Для мистификации очень удобна оказалась роль «собирателя» Парселла. Точные даты «рождения» и «смерти» Парселла определить невозможно, поскольку в 1838 году этот католический священник именуется «покойным другом» автора, скрывающего, разумеется, свой юный возраст, но, уж во всяком случае, «умереть» Парселлу полагалось не позднее, скажем, 1820-го, а, как мы знаем, Парселл, в свою очередь, дружил с голландским капитаном, явившимся в страну вместе с Вильгельмом, то есть еще до конца XVII века. В любом случае фигура «собирателя» позволяет Ле Фаню существенно состарить некоторые тексты, в особенности включенную в «Записки Парселла» героическую балладу в духе «Лохинвара» (из воспоминаний старшего брата, Уильяма, известно, что баллада была написана по его просьбе, для публичного исполнения, именно в духе «Лохинвара», который был тогда в моде). Верх нахальства: вот, дескать, каков наш фольклор, заявляет «публикатор» во вступлении к этому отрывку, а ведь в Ирландии поэзия достигла таких высот без всякого знакомства с «Лохинваром». Равным образом и видение пьяницы из того же собрания кажется особенно достоверным, поскольку в ту пору «еще не был написан „Ватек“», и потому это наивное описание «обладало всей привлекательностью новизны в сочетании с выразительностью, присущей рассказу очевидца».
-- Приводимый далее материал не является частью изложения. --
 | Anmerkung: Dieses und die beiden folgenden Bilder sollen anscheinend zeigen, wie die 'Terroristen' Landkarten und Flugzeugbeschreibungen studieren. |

За исключением истории о мертвом женихе, приведенной голландским капитаном, все прочие «духовидческие» «Записки Парселла» носят скорее комический характер. Пьяница, узревший ад под ступеньками собственной лестницы; мужа за три дня отсутствия сочли мертвым, жена спешит обвенчаться с другим до наступления поста, а священника зовут изгонять подоспевшего к свадьбе «призрака»; в старого гусака, по мнению местного специалиста по «гастрономии» (разумеется, «астрономия»), вселился дух покойного крестьянина. «Реальное» привидение обнаруживается только в рассказе «Привидение и костоправ» – покойный сквайр заставляет перепуганного крестьянина вправлять ему вывихнутую лодыжку, а для храбрости подкрепляется глотком самогона… увы, по ошибке он хватается за бутылку со святой водой и тут же рассеивается, оставляя в руках костоправа больную ногу. И это правильно: в основе народных рассказов о призраках лежат панибратские отношения со смертью, великой уравнительницей. «Костоправ» не призрака боится, а своего барина, и при жизни известного неласковым нравом.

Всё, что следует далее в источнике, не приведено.